Hak DPRD Kabupaten/Kota : -Hak interpelasi, yaitu hak DPRD kabupaten/kota untuk meminta keterangan kepada bupati/wali kota mengenai kebijakan pemerintah kabupaten/kota yang penting dan strategis serta berdampak luas pada kehidupan bermasyarakat dan bernegara; -Hak angket, yaitu hak DPRD kabupaten/kota untuk melakukan penyelidikan terhadap kebijakan pemerintah kabupaten/kota yang penting dan strategis serta berdampak luas pada kehidupan masyarakat, daerah, dan negara yang diduga bertentangan dengan ketentuan peraturan perundang-undangan; dan -Hak menyatakan pendapat yaitu hak DPRD kabupaten/kota untuk menyatakan pendapat terhadap kebijakan bupati/wali kota atau mengenai kejadian luar biasa yang terjadi di daerah disertai dengan rekomendasi penyelesaiannya atau sebagai tindak lanjut pelaksanaan hak interpelasi dan hak angket.

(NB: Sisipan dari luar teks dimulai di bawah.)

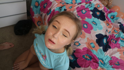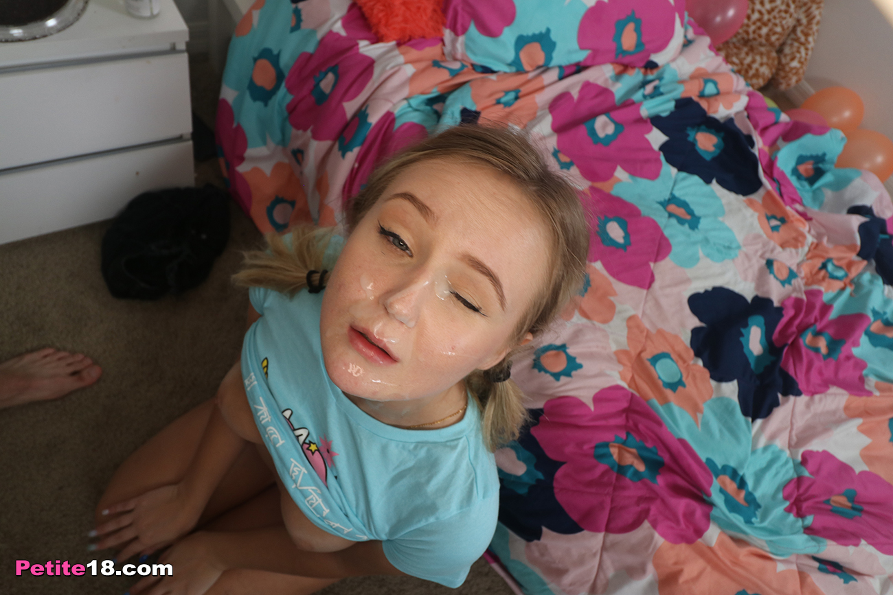 Super cute teen Natalia Queen turns 18 today and gets really surprised when her step-brother comes in with a birthday cake. The best news is that now she can have sex with him and she won't miss the chance! First, the beautiful blonde babe grabs that dude's dick and sucks it big time and then he fucks her tight pussy for good before exploding with cum in her cute face.

Dari uraian Tugas, Wewenang dan Hak DPRD Kabupaten/Kota diatas, penulis tidak menemukan satupun landasan hukum yang mendasari DPRD Buton membatalkan MoU terkait persoalan Serah Terima Aset antara Pemerintah Kabupaten Buton dengan Pemerintah Kota Bau-Bau yang difasilitasi oleh KPK RI tersebut. Pun bila ada landasan hukum yang dapat dijadikan dasar DPRD Buton untuk membatalkan MoU, dipastikan akan menambah panjang proses Serah Terima Aset tersebut.

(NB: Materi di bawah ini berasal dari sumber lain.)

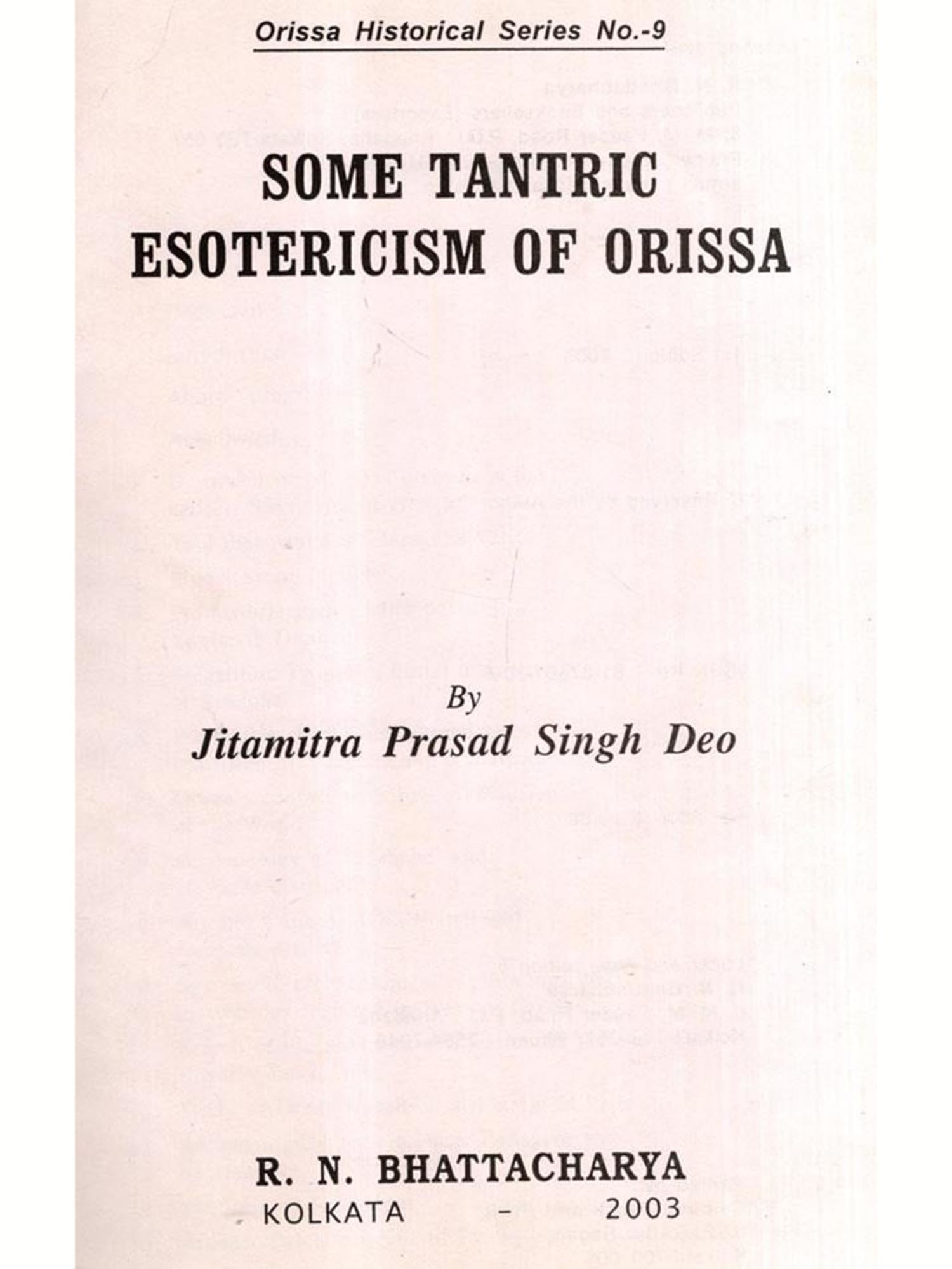 There-fore the book is named "Some Tantric Esotericism of Orissa." Author's unpublished and published papers are compiled in this book. for easy access. Acknowledgement list of the published papers is given.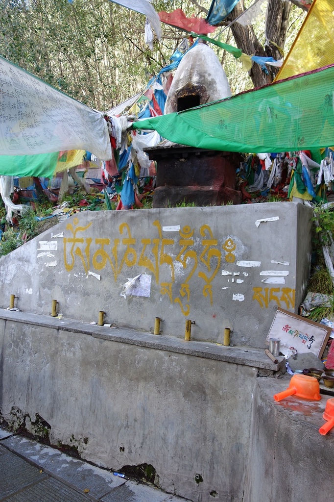 走上山沒多久,就遇到一群藏民,他們在一處有供奉神靈的小廟旁裝水飲用,很明顯這是布日神山的山腰自然流出的山泉,我可以稱他為貢布日神泉嗎?

Sementara langkah hukum KPK RI menindaklanjuti persoalan Serah Terima Aset dari Pemerintah Kabupaten Buton kepada Pemerintah Kota Bau-Bau ini juga dilandasi Undang-Undang Nomor 30 Tahun 2002 tentang Komisi Pemberantasan Tindak Pidana Korupsi. Dimana KPK RI diberi amanat melakukan pemberantasan korupsi secara profesional, intensif, dan berkesinambungan.

KPK RI merupakan lembaga negara yang bersifat independen, yang dalam melaksanakan tugas dan wewenangnya bebas dari kekuasaan manapun. KPK RI dibentuk bukan untuk mengambil alih tugas pemberantasan korupsi dari lembaga-lembaga yang ada sebelumnya.

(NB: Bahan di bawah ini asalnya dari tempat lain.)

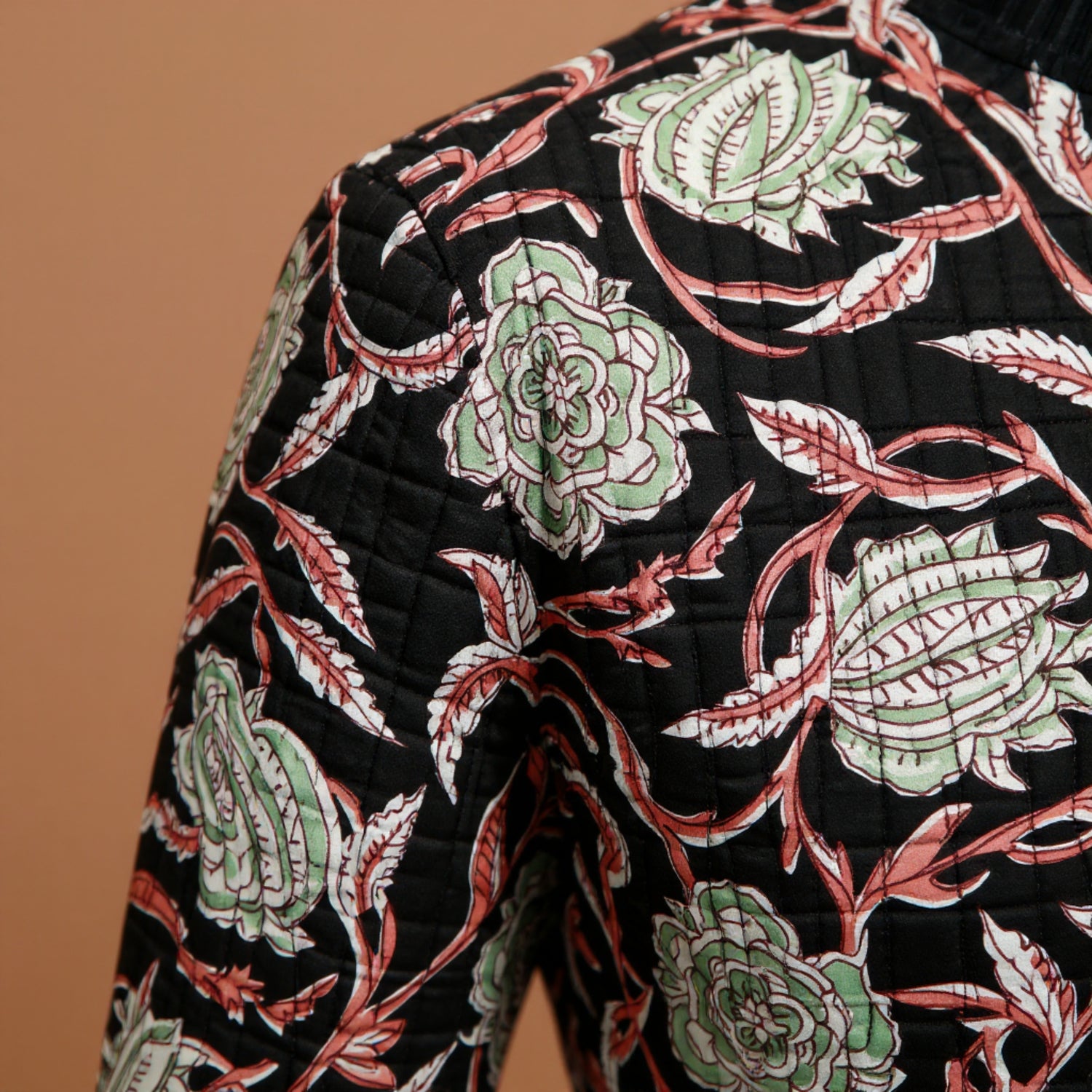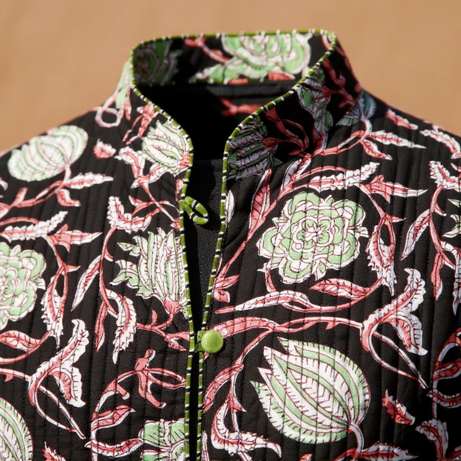 Imprimée à la main en Inde selon la technique du blockprint, elle révèle la singularité d’un motif inspiré par les gestes artisanaux.

Penjelasan undang-undang menyebutkan peran KPK RI sebagai trigger mechanism, yang berarti mendorong atau sebagai stimulus agar upaya pemberantasan korupsi oleh lembaga-lembaga yang telah ada sebelumnya menjadi lebih efektif dan efisien.

Adapun tugas KPK RI adalah: koordinasi dengan instansi yang berwenang melakukan pemberantasan tindak pidana korupsi (TPK); supervisi terhadap instansi yang berwenang melakukan pemberantasan TPK; melakukan penyelidikan, penyidikan, dan penuntutan terhadap TPK; melakukan tindakan-tindakan pencegahan TPK; dan melakukan monitor terhadap penyelenggaraan pemerintahan negara.

Dalam pelaksanaan tugasnya, KPK berpedoman kepada lima asas, yaitu: kepastian hukum, keterbukaan, akuntabilitas, kepentingan umum, dan proporsionalitas. (diolah dari beberapa sumber).